You can understand the pains the poor man took to establish his innocence in the eyes of the public prosecutor. He succeeded, largely thanks to Geneviève’s confession, which established the man’s ignorance of her husband’s plans—and partly thanks to Dixmer’s flight, but above all thanks to the interests of Fouquier-Tinville who wanted to keep his administration free from taint of any kind.
“Citizen,” the registrar had said, throwing himself on his knees, “forgive me, I let myself be hoodwinked.”
“Citizen,” the public prosecutor had replied, “an employee of the nation who lets himself be hoodwinked in times such as these deserves to be guillotined.”
“But a person can be stupid, citizen,” the proud registrar went on, dying to call Fouquier-Tinville monseigneur.1
“Stupid or otherwise,” said the public prosecutor, “no one should allow themselves to doze off in their love for the Republic. The geese on the Capitol2 were stupid, too, mere creatures, yet they managed to wake up in time and save Rome.”
The registrar had nothing to say to such an argument; he merely groaned and waited.
“I pardon you,” said Fouquier. “I
’d even go so far as to defend you—I don’t want one of my employees suspected for a second. But just remember, at the slightest word that reaches my ears, at the slightest reminder of this business, it’s off with your head.”
There is no need to say with what enthusiasm and solicitude the registrar ran to get the newspapers, which are always keen to say what they know and sometimes what they don’t know, even if ten men’s heads were to roll as a result.

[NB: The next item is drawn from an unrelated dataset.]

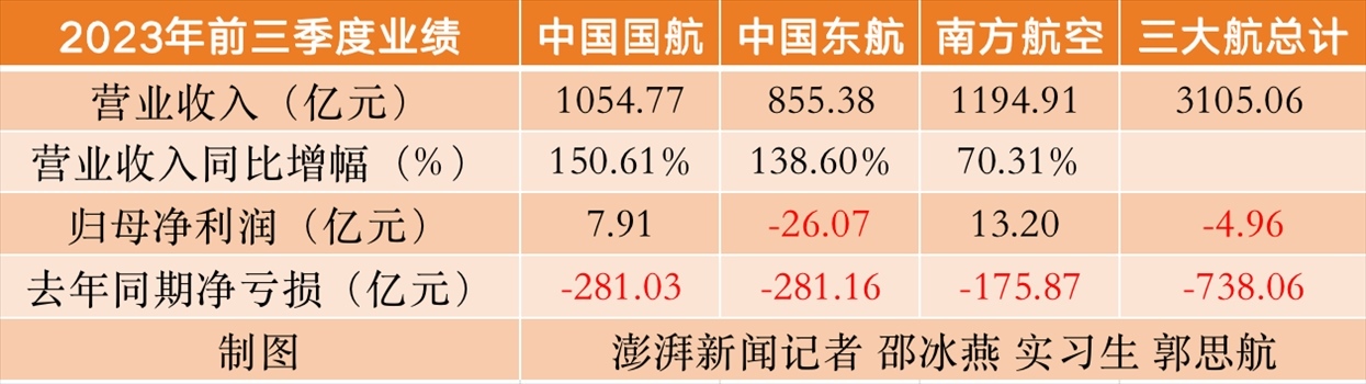 三大航第三季度營(yíng)收均創(chuàng)同期新高,單季均實(shí)現(xiàn)扭虧

He looked everywhere for Dixmer to caution him to remain silent, but Dixmer had quite naturally moved and could not be found.
Geneviève was brought to the chair of the accused, but she had already declared during the preliminary hearing that neither she nor her husband had any accomplices. So you can imagine how he beamed his thanks at the poor woman when he saw her go by on her way to the Tribunal. But after she had gone by and he had popped back into the office for a moment to retrieve a file citizen Fouquier-Tinville had requested, he suddenly saw Dixmer coming toward him, looking cool, calm, and collected. The vision petrified him.

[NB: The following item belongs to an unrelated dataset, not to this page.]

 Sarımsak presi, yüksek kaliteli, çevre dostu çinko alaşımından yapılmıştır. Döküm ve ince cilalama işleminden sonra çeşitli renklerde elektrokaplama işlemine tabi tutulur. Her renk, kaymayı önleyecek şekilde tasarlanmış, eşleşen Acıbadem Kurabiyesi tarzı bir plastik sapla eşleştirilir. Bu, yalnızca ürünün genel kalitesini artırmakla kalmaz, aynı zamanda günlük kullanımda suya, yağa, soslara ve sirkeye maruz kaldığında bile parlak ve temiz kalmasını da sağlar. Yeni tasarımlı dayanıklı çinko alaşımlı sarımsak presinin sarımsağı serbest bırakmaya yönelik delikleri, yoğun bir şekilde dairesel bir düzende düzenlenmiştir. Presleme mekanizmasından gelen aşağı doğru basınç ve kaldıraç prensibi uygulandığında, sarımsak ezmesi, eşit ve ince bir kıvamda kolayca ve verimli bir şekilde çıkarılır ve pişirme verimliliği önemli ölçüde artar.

“Oh!” he cried as though he’d seen a ghost.
“Don’t you recognize me?” the vision asked.
“Of course I do. You are citizen Durand, or rather citizen Dixmer.”
“So I am.”
“But are you dead, citizen?”
“Not yet, as you can see.”
“I mean you’re going to be arrested.”
“Who do you think’s going to arrest me? No one knows who I am.”
“But I know who you are and I only have to say the word and you’ll be guillotined.”
“And I, I only have to say two words and you’ll be guillotined with me.”
“That’s horrible, what you’re saying!”
“No, it’s logical.”
“But what’s this about? Come on, tell me! Hurry up—the less time we spend talking together the less danger for either of us.”
“The situation is this. My wife is going to be condemned, right?”